Tout le monde d’accord

Je vois fleurir des messages sur les réseaux sociaux qui affirment : « tout le monde est Charlie mais personne n’est Kenya », et autres pensées du même style qui pointent le fait que certaines tragédies pèsent plus que d’autres. Effectivement, le massacre des étudiants de l’université de Garissa ne semble pas avoir fait l’ouverture de beaucoup de journaux télévisés, tandis que l’attentat du musée du Bardo à Tunis avait eu plus d’effet médiatique : eh oui, pendant des heures on ne savait pas précisément combien de français étaient concernés !
Et bien entendu, l’exécution des membres de la rédaction de Charlie Hebdo avait été un choc brutal : ça se passait dans Paris, et on connaissait le visage et la voix de plusieurs des victimes. Je me souviens qu’il y a eu très tôt des gens pour râler parce qu’on parlait trop de Cabu, de Wolinski et de Charb mais pas des plus discrets Tignous, Maris et Honoré. Et puis on a râlé parce qu’on parlait trop des gens de la rédaction mais pas assez des policiers qui les défendaient, ni de l’agent de maintenance qui s’était trouvé là, etc. Et quand on a finalement parlé d’eux, que les « je suis Ahmed » ont fleuri, presque en opposition « je suis Charlie »1, d’autres se sont lamentés d’un supposé manque d’intérêt général pour les cinq morts de l’épicerie casher de la porte de Vincennes, et d’autres encore se sont plaint qu’on porte le deuil de policiers, finalement (entre temps ils se sont rappelés qu’ils n’aimaient pas les policiers), et les mêmes, souvent, ont fustigé l’apparente unité du pays : tous ces gens d’accord pour manifester leur émotion, c’était louche, forcément2.
Au secours !

...
Même le premier ministre est « Kenya ». Enfin kenyan. Donc on ne peut pas dire « personne ne s’y intéresse ».

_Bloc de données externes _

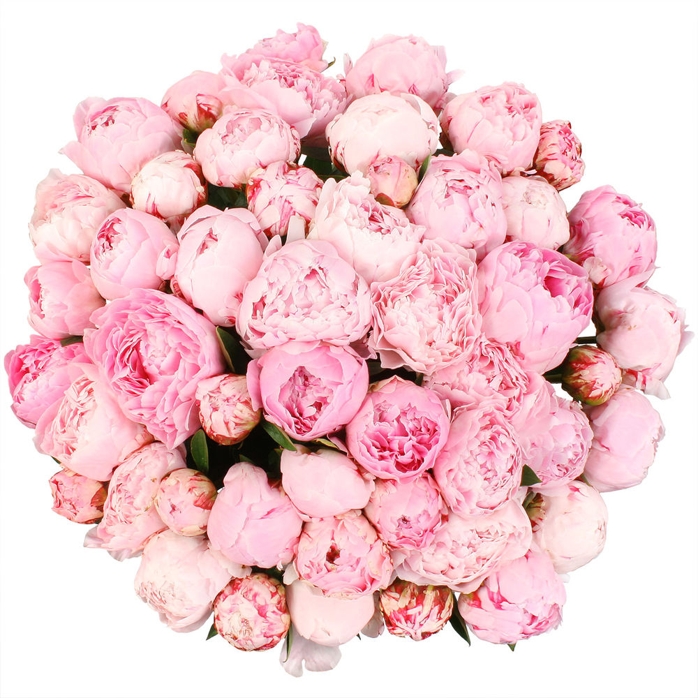 Букет состоит из 101 розовый пион, прозрачная упаковка, розовая лента.

Bien sûr, le « kilomètre affectif » est un phénomène bien connu : on s’inquiète plus pour ceux à qui on s’identifie immédiatement, on s’inquiète plus facilement pour les lieux que l’on connaît, fut-ce par l’imaginaire et les fictions3. Je suppose que l’espèce humaine n’existerait plus depuis longtemps sans cet intérêt un peu égoïste pour ce qui arrive dans son voisinage plutôt que pour ce qui se passe aux antipodes. Peut-être même qu’il est vaguement et honteusement rassurant, face à une histoire affreuse qui s’est produite en Afrique, de se dire « ça arrive là-bas et donc ça ne se passe pas chez nous ». Sans doute que « Je suis Charlie » avait, parmi ses mille et une significations, celle de dire : « Ça s’est passé chez moi, ça aurait pu être moi, j’ai peur ». Je trouve étrange que l’on réclame une égalité des morts : une personne anonyme tuée pour sa religion supposée et une personne publique tuée pour ses prises de positions, ont forcément un impact différent sur ceux à qui on transmet l’information.
Enfin je ne dis pas qu’il ne faut pas évoquer les iniquités, il est très bien de rappeler quand « tout le monde s’en fout », même si ce message là aussi est douteux, parce que d’une part il est partagé des centaines de milliers de fois sur Facebook4, et d’autre part, ce besoin de comparer une tragédie à une autre, de les soupeser, est plutôt étrange, à croire que pour certains, les Kenyans exécutés ne sont qu’un prétexte à se plaindre qu’on ait donné trop de place à d’autres exécutés. Mais enfin ce n’est pas un concours !
Chaque massacre ne doit pas servir de prétexte pour cracher avec mépris sur les victimes du massacre précédent !

Les victimes de Paris, Copenhague, Tunis, Garissa, sont liées. Elles doivent leur mort au même genre de meurtriers : des gens qui pensent que leur opinion à eux vaut plus cher que l’existence des autres.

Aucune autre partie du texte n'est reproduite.